Immunohistochemistry reveals dopamine receptor (D1R) overexpression in the forebrain of E14 wild type (WT) and double transgenic (DT) littermate embryos exposed to doxycycline (50 mg/kg/day) on E12 and E13. A cartoon of a coronal section through an E14 forebrain shows the brain regions in which D1R expression was analyzed (A). D1R expression is significantly higher in the DT embryo compared to the WT embryo in the lateral ganglionic eminence (LGE; B, C), medial ganglionic eminence (MGE, D, E) and striatal differentiating fields (STR, F, G). In both the genotypes, the striatal differentiating fields show the highest D1R expression (F, G) among all the regions analyzed. Scale bar in G = 50µm and applies to all micrographs.

Figure 5

Immunohistochemistry for D1-receptor (D1R) and nestin in the medial ganglionic eminence (MGE) of E14 wild type (WT) and double transgenic (DT) littermate embryos exposed to doxycycline (50 mg/kg/day) on E12 and E13. Lower magnification images show D1R and nestin expression in the MGE of WT (A, B) and DT (C, D) embryos.
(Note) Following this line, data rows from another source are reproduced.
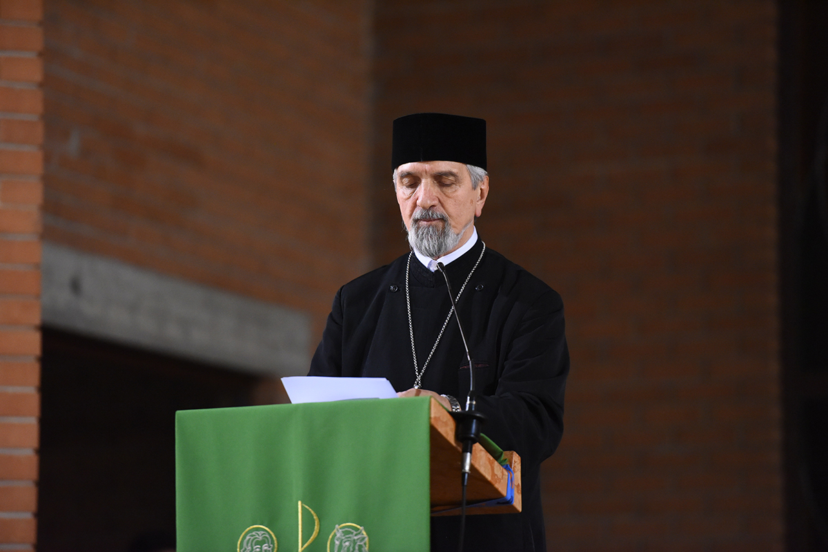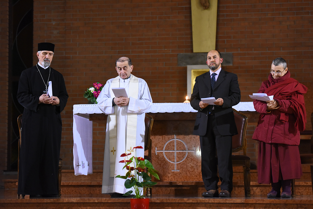 Il decano e arciprete della Chiesa ortodossa romena padre Traian Valdman, dopo la lettura della Lettera agli Efesini, sottolinea: «Gesù è il creatore della pace e della riconciliazione, perché in lui – uomo e Dio – l’uomo incontra Dio. Cristo annuncia la pace a chi è vicino e a chi è lontano. L’amore per gli altri, specie verso chi vuole fare del male, è un investimento di amore e di speranza. Predicare la pace significa ricordare la sacralità della vita umana. La ricerca della pace costituisce per i cristiani non solo una caratteristica strutturale, ma un preciso dovere. Ci impegniamo a dichiarare che la violenza e il terrorismo contrastano con la religione e a stare, con lo stesso atteggiamento, nel centro e nelle periferie. Le fedi e la guerra si escludono a vicenda».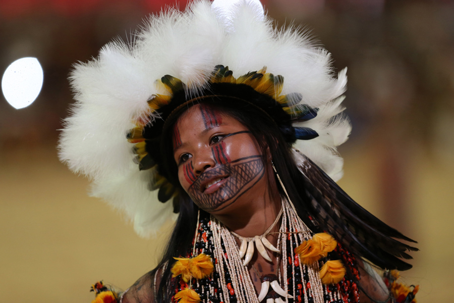 In this Friday, October 23, 2015 photo, people from various ethnic groups and countries dance during the opening ceremony of the World Indigenous Games, in Palmas, Brazil.Eraldo Peres / AP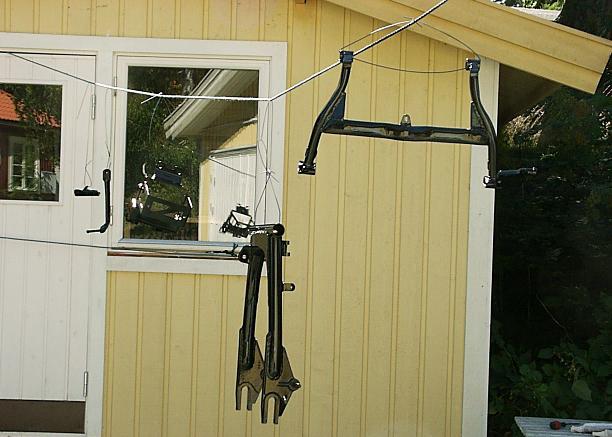 Sand blasted and cleaned frame hanging between ladder and a corner of the house, ready for painting.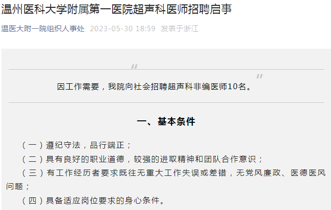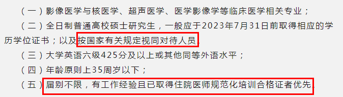 我院在2023年上半年超声科医师招聘启事中,明确了招聘对象“按国家有关规定视同对待人员”、“届别不限,有工作经验且已取得住院医师规范化培训合格证者优先。”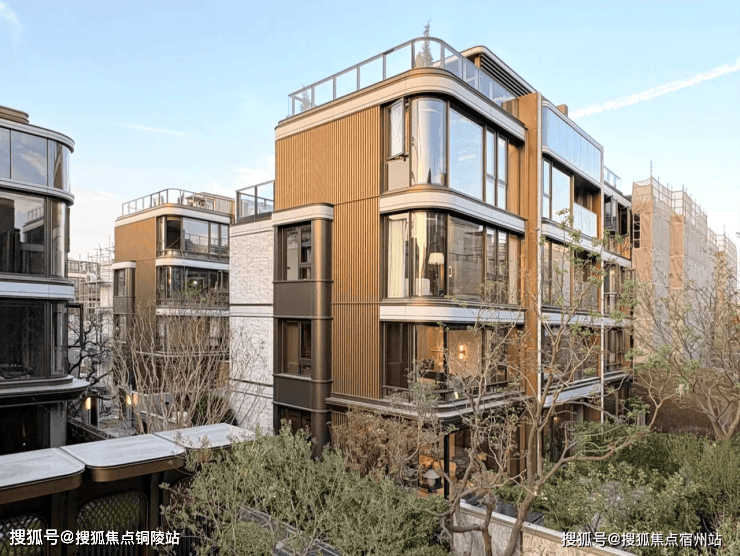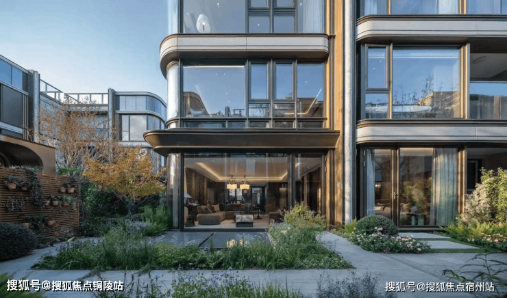 建筑外立面采用现代简约风格,融合海派摩登元素,搭配金属扣板、高端石材与真石漆,线条简洁流畅,质感高级大气,历久弥新。大面宽玻璃窗设计,不仅提升采光与观景效果,更让建筑与自然景观完美融合,彰显高端住区的美学气质。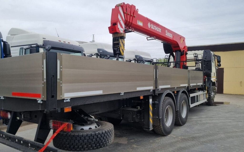 Бортовой FAW J6P с КМУ Sunhunk S3505 — мощь, надёжность и независимость от погрузочной техники.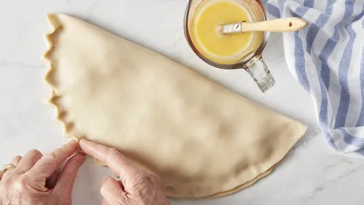 Have Extra Pillsbury™ Pie Crust? Use a small cookie cutter to make decorations out of your second pie crust in the package to attach to your turnover before baking, such as leaves or hearts. You can also get creative with how you flute your pie crust, whether pinching scalloped edges or adding a herringbone pattern with a fork. Use your imagination for the prettiest presentation.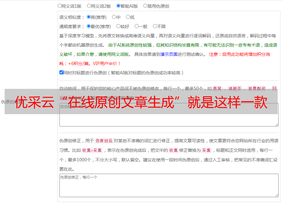 2.关键字优化:优采云在线原创文章*敏*感*词*能够根据用户输入的关键字进行优化,使得文章充满语义并且有效。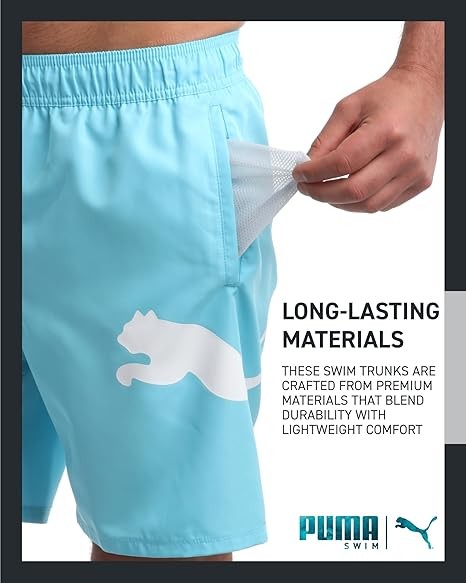 Quick Dry Performance: Dive into aquatic escapades with unwavering confidence in these meticulously crafted PUMA Men's Bathing Suit Trunks; Engineered with state-of-the-art quick-dry technology, these trunks ensure rapid moisture evaporation, guaranteeing you remain comfortably dry both in and out of the water; Bid farewell to the discomfort of soggy swimwear and revel in the freedom to enjoy every moment of your aquatic adventures without hesitation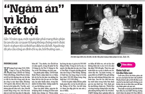 Báo Pháp Luật TP.HCM ngày 25-3 có bài “Ngâm án vì khó kết tội” phản ánh chuyện bà Tiêu Thị Sự (Bù Đăng, Bình Phước) gần 10 năm qua phải mang thân phận bị can. Bà Sự đã yêu cầu cơ quan tố tụng đình chỉ điều tra vụ án, đình chỉ điều tra bị can và bồi thường oan cho bà vì cơ quan tố tụng không chứng minh được hành vi phạm tội của bà và thời hạn điều tra đã hết.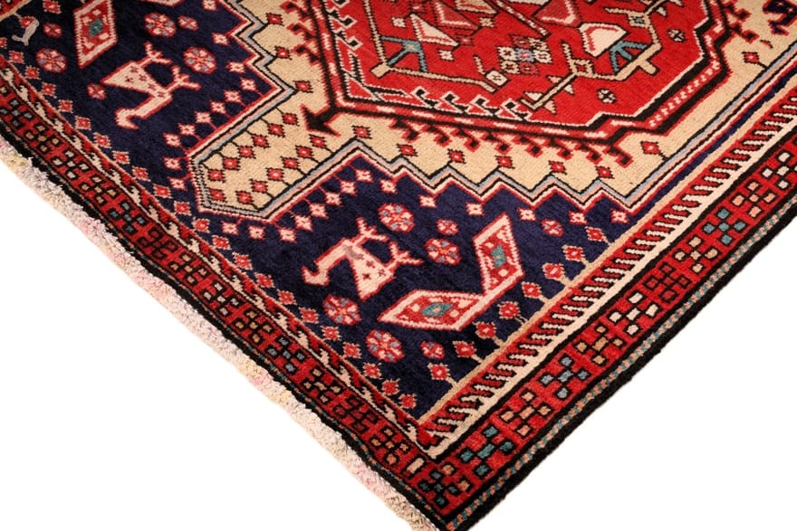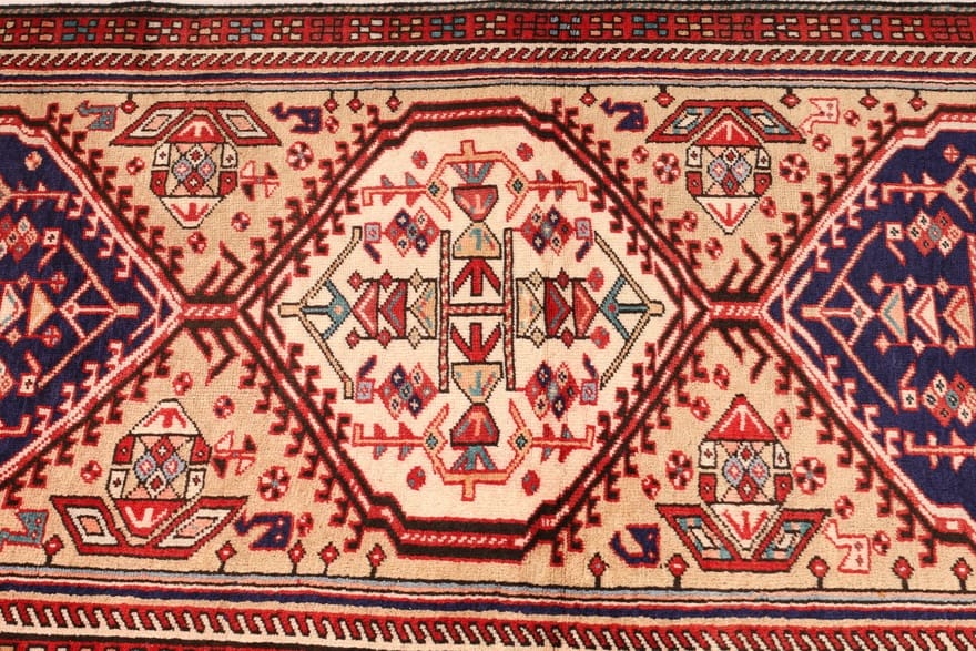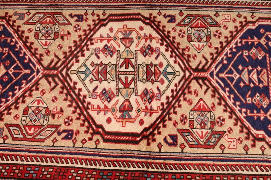 Typische Farben, die in den Teppichen aus Azarbaijan vorkommen, sind tiefes Rot, Blau, und Goldtöne, die sich harmonisch ergänzen und dem Teppich eine warme und einladende Ausstrahlung verleihen. Diese Farbpalette macht den Teppich zu einem idealen Begleiter für verschiedene Einrichtungsstile – von traditionell bis modern.

The D1R labeling in the MGE of the WT (A) is low, compared to that in the DT embryo (C). The higher D1R expression in the MGE of the DT embryo is due to doxycycline-induced overexpression of the D1R tranegene. The higher magnification images of the MGE from the DT embryos show cell surface labeling with the D1R antibody (E) and its co-localization with nestin labeling (F). TUNEL histochemistry (G – J) did not reveal positive profiles in E14 wild type (WT) or DT embryos exposed to doxycycline (50 mg/kg/day) on E12 and E13 in the MGE (G, H), where transgene expression was the highest or in the striatal the differentiating fields (STR; I, J), where the D1R overexpression was the highest. Inset (K) shows an image from a positive control section showing TUNEL+ profiles (green). The control section is from an adult mouse brain subjected to controlled cortical impact from our earlier study (Whalen et al., 2008). Sections processed for TUNEL (E – I) were counterstained with ToPro3 to label all nuclei (blue).

Figure 6

Bromodeoxyuridine (BrdU) labeling index (LI) in the lateral ganglionic eminence (LGE; A), medial ganglionic eminence (MGE; B) and neuroepithelium of the dorsal cerebral wall (CW; C) in embryonic day 14 (E14) double transgenic (DT) and wild type (WT) littermates following doxycycline exposure (50 mg/kg/day) in utero on E12 and E14. The BrdU exposure was for 2 hr. The BrdU LI is significantly decreased in the ventricular zone (VZ), subventricular zone (SVZ) and VZ + SVZ of the LGE and MGE (A, B) and in the SVZ of the CW of the DT embryo compared to the WT littermates.